Heroin has not known lockdown, at least in these first six months of the year. In fact, at least 68 heroin overdose deaths have been ascertained in our country. These are not official figures from the Ministry of the Interior but the data from Geoverdose, the only Italian portal that updates daily on drug victims in our country.
Geoverdose is a geographic information system (GIS), interfaced with a website, capable of displaying deaths from overdose and other acute fatal events (or at risk of death) related to drug and alcohol use on a map of Italy , using the geographic coordinates normally used by satellite geolocation systems. A project related to Neverdose, an experimental app designed with the aim of offering protection to drug addicts and avoiding the worst ‘risk’ of taking hard drugs alone.
The portal offers an accurate analysis of drug deaths (or drug / alcohol mix), indicating a breakdown by territory, age, causes, specific circumstances, nationality and more.
Leading the sad (partial) ranking is Veneto with 14 confirmed overdoses followed by Tuscany (8) and Campania (7). Five dead in Lombardy and Lazio.
A few months ago the World Drug Report 2020, which assessed the development trend of the world drug market over the past decade, and specifically highlighted the impact of Covid-19 on the drug market.
In 2009 it was estimated that there were 210 million drug addicts, equal to 4.8% of the world population aged 15 to 64, and in 2018 that there were 269 million, or 5.3% of the population.
Over the past two decades, drug abuse in developing countries has grown much faster than in developed ones. To some extent, this reflects the difference in overall population growth during this period, 7% in developed countries and 28% in developing countries, but also highlights the rapid growth of the young population in developing countries. .
Teenagers and young adults account for the largest percentage of drug addicts. During the period 2000-2018, the population of this age group in developing countries increased by 16%, while the population of this age group decreased by 10% in developed countries.

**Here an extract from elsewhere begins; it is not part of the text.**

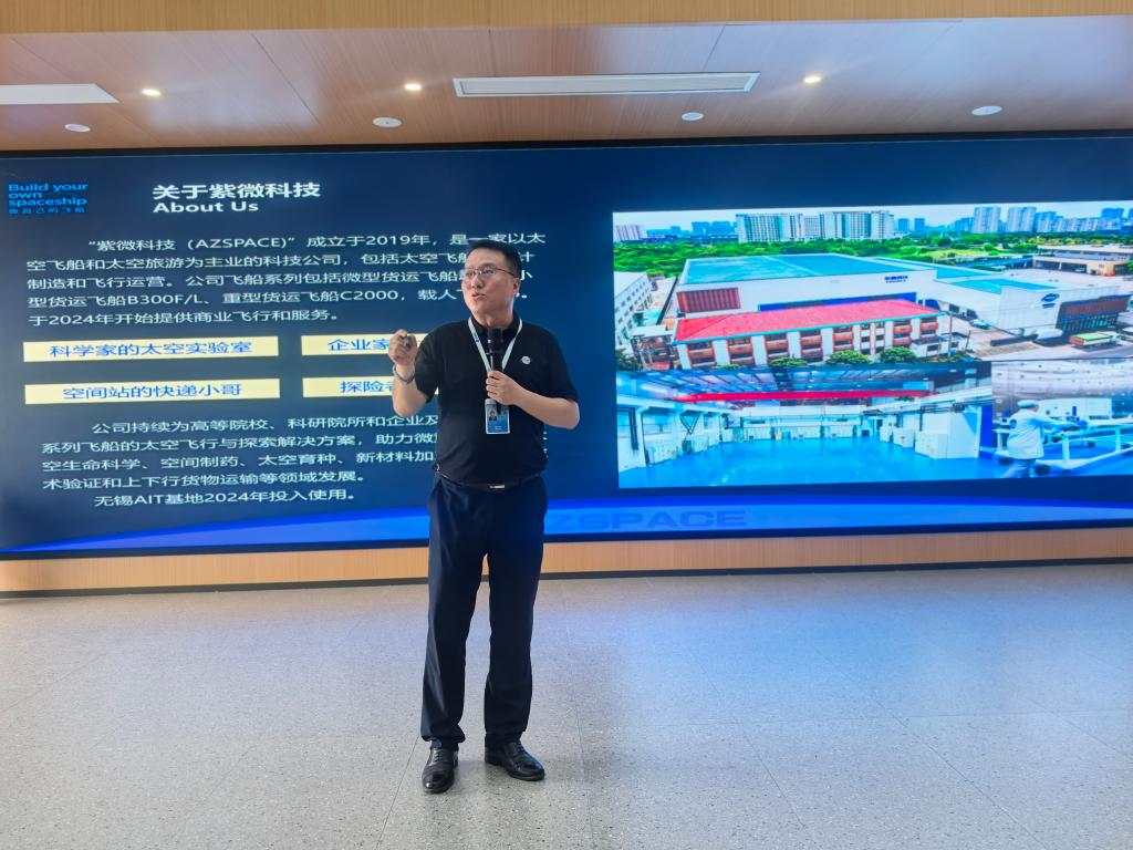 活动伊始,班谦就目前公司西港娱乐、业务版块工作以及未来愿景一一展开介绍。紫微宇通科技有限公司于2019年成立,是中国首家民营太空飞船公司,简称“紫微科技(AZSPACE)”,主要从事太空飞船的设计制造和飞行运行。2023年,公司自主研制的卫星“迪迩一号·梁溪号”在酒泉卫星发射中心成功进入预定轨道。针对紫微科技所涉及的不同种类太空飞船设计制造以及飞行运作,班谦向同学们做出细致讲解,让学生深刻感悟到科技强国的重要意义,并对太空飞船领域有了新的认识与了解。

Covid-19 could lead to further expansion of the drug market. The pandemic can cause more farmers and peasants to increase or engage in illegal cultivation of crops, both because of the reduced control capabilities of national authorities, and because more people could, albeit at risk, to engage in illegal activities during the economic crisis.
The restrictions linked to the pandemic have led to a reduction in air and land traffic and consequently maritime traffic has increased. The risk of interception at sea is low and the number of smuggling is higher than that of air or land. It has recently been reported that cocaine shipments are being shipped directly from South America to Europe by sea.